Data entries
_ _ _ _ _

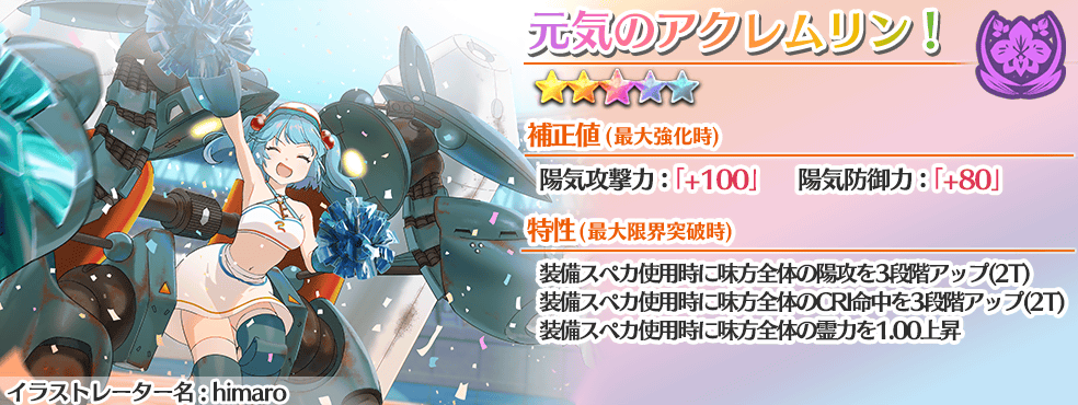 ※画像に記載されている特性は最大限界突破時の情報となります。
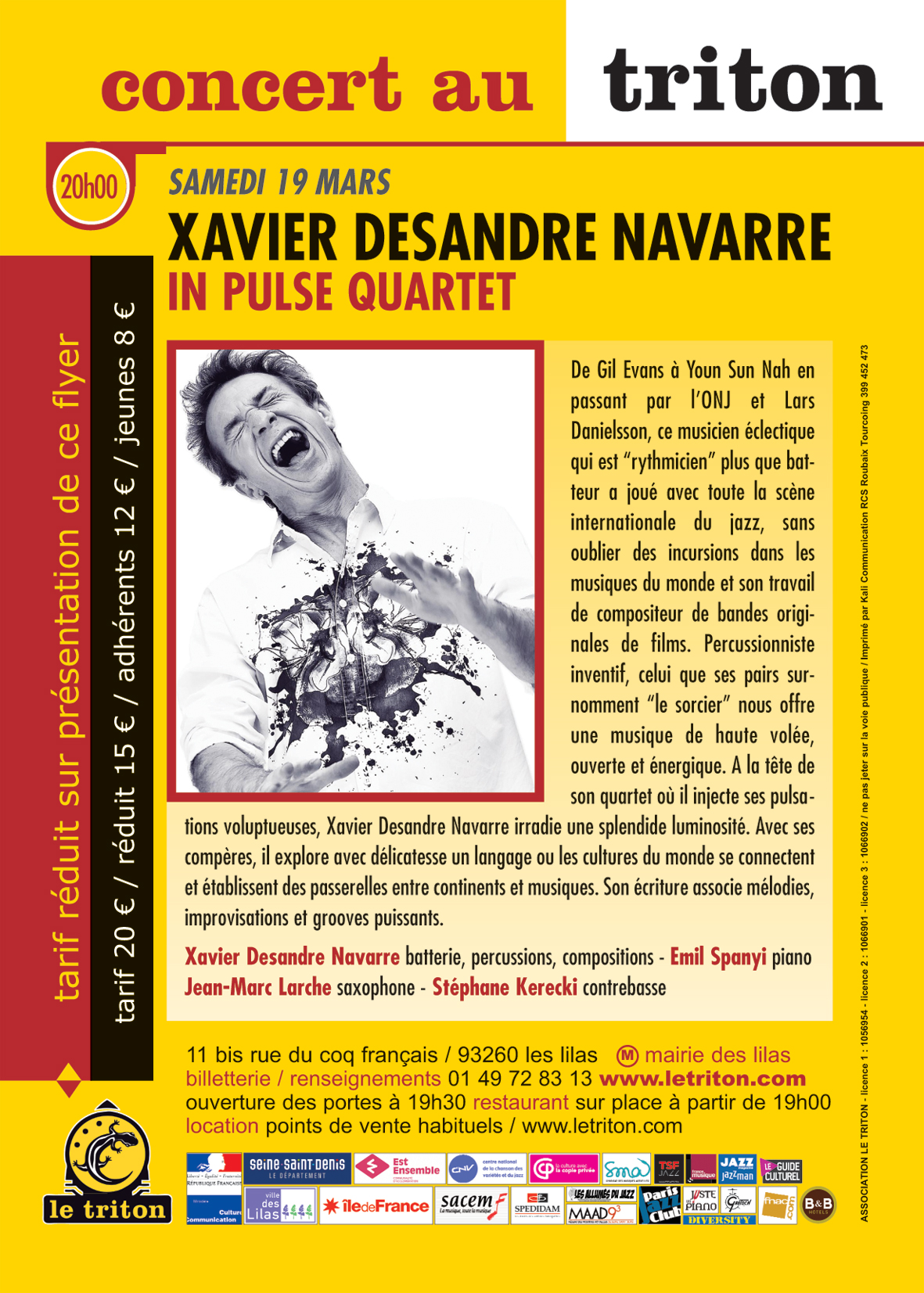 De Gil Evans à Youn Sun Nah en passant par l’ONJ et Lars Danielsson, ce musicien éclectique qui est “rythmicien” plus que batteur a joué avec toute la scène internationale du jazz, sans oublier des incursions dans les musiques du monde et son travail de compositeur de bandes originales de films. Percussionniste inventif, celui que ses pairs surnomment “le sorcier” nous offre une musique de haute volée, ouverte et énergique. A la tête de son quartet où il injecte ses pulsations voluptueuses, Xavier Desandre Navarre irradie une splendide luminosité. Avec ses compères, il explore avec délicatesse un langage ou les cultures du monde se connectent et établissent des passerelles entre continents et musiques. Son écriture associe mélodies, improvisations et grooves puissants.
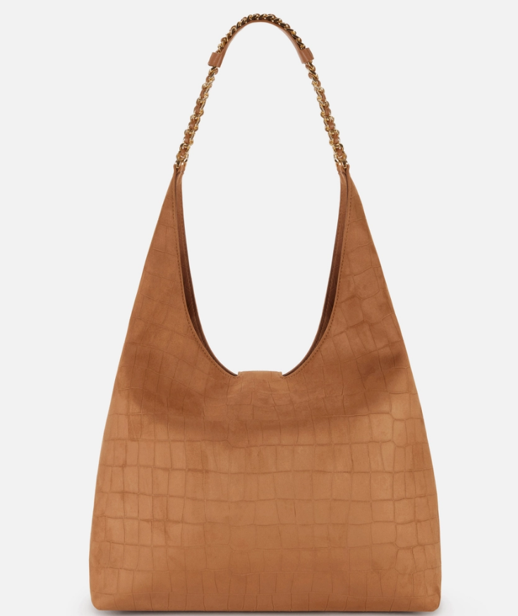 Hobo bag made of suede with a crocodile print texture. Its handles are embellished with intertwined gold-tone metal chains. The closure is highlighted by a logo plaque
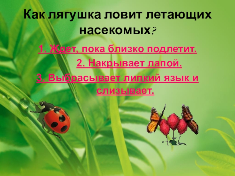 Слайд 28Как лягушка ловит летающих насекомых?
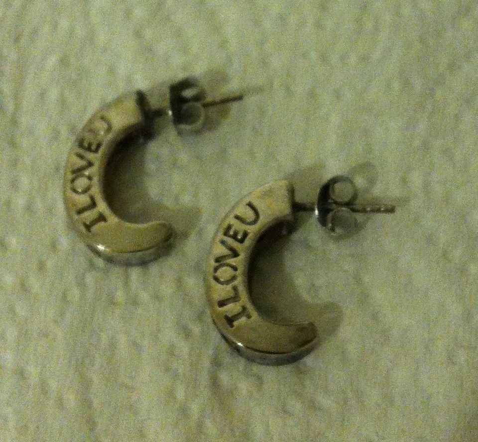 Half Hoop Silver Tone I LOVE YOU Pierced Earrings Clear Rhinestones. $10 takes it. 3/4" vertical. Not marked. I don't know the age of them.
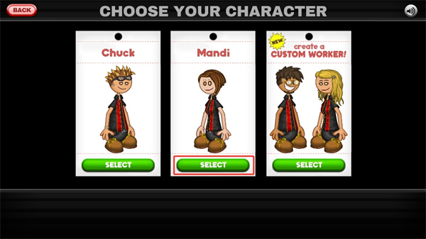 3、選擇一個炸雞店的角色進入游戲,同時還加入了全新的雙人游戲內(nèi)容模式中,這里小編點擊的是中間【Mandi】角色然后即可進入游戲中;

_ _ _ _ _

[What you need to do]:
Repeat every record above exactly. Omit the pictures.

[Response to the exercise]:
 ※画像に記載されている特性は最大限界突破時の情報となります。
 De Gil Evans à Youn Sun Nah en passant par l’ONJ et Lars Danielsson, ce musicien éclectique qui est “rythmicien” plus que batteur a joué avec toute la scène internationale du jazz, sans oublier des incursions dans les musiques du monde et son travail de compositeur de bandes originales de films. Percussionniste inventif, celui que ses pairs surnomment “le sorcier” nous offre une musique de haute volée, ouverte et énergique. A la tête de son quartet où il injecte ses pulsations voluptueuses, Xavier Desandre Navarre irradie une splendide luminosité. Avec ses compères, il explore avec délicatesse un langage ou les cultures du monde se connectent et établissent des passerelles entre continents et musiques. Son écriture associe mélodies, improvisations et grooves puissants.
 Hobo bag made of suede with a crocodile print texture. Its handles are embellished with intertwined gold-tone metal chains. The closure is highlighted by a logo plaque
 Слайд 28Как лягушка ловит летающих насекомых?
 Half Hoop Silver Tone I LOVE YOU Pierced Earrings Clear Rhinestones. $10 takes it. 3/4" vertical. Not marked. I don't know the age of them.
 3、選擇一個炸雞店的角色進入游戲,同時還加入了全新的雙人游戲內(nèi)容模式中,這里小編點擊的是中間【Mandi】角色然后即可進入游戲中;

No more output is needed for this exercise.